Buenos Aires - Desde que saiu de sua cidade em direção a Buenos Aires, passando por sua época na casa presidencial ao lado do general Juan Domingo Perón, até se transformar na defensora dos trabalhadores, Evita passou por uma profunda metamorfose em sua imagem pública. Cinquenta anos depois de sua morte, analistas e escritores concordam que o vestuário de Evita foi um elemento decisivo de sua carreira política, de 1946 a 1952.
O vestuário foi mudado da ostentação que pretendia aos 16 anos, recém chegada a Buenos Aires com o objetivo de se tornar atriz, para a austeridade manifestada diante dos trabalhadores quando se tornou líder política.
''A metamorfose desde a Eva Duarte afundada em ouro até a Eva Perón da caridade foi, talvez, a faceta mais estranha de sua estranha carreira'', afirmou a escritora Mary Main em seu livro ''Evita, a mulher do chicote''.
Além da roupa, com o tempo mudou seu cabelo, pois o louro de seu começo em Buenos Aires na realidade era castanho ''era um ouro teatral e simbólico que tinha a função das auréolas e os fundos dourados na pintura religiosa da Idade Média (...) A partir desse momento poliria e afinaria sua personagem, suprimindo um pouco os excessos ornamentais'', destacou Alicia Dujovne Ortiz em seu livro ''Eva Perón''.

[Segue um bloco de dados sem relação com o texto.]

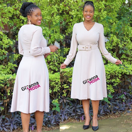 Beige Belted Sleeved Skater Dress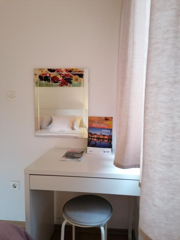 Apartments Marita are located on the 1st floor of a family house in a quiet street (Stablinac XI), Vodice. They are located near the Imperial and Olympia Hangar pebble beaches with natural shade and numerous sports, recreation and entertainment facilities, about 10 minutes' walk away (approx. 700 meters). The first shop can be reached in 5 minutes, and the center of Vodice in 20 minutes along the promenade by the sea. Guests are provided with free Wi-Fi and a parking space in the private yard.

''Com a roupa que trabalhava e com os vestidos trazidos da Europa tentava impressionar a alta sociedade, que nunca a aceitou como um dos seus'', afirmou à Leonor Pugá Sabaté, a figurinista do filme argentino ''Eva Perón'', de 1996.
Porém, a medida que começava a se comprometer mais com os humildes, Evita ia deixando os impressionantes vestidos e jóias (pelo menos nas aparições públicas). ''A Eva Duarte de Perón com suas peles de visom e suas valiosíssimas jóias era trocada pela Evita de cabelo ao vento, cara lavada e olhar esperançoso'', segundo a revista Viva, do jornal Clarín, de 14 de julho.
Evita demonstrou sua preocupação com a imagem inclusive antes de morrer.
O escritor argentino Abel Posse, autor do romance ''A paixão segundo Eva'', lembrou no jornal La Nación que em seus últimos instantes de consciência Evita chamou sua manicure Sara Gatti para que melhorasse seu aspecto.
Gatti comentou: ''A senhora me disse: Olha Sara, é uma ordem. Logo vão entrar todos porque vou morrer e depois vão te chamar para me preparar. Você vai tirar este vermelho que tenho nas unhas e me colocará esse Queen of Diamonds transparente que te fiz comprar. O da Revlon''.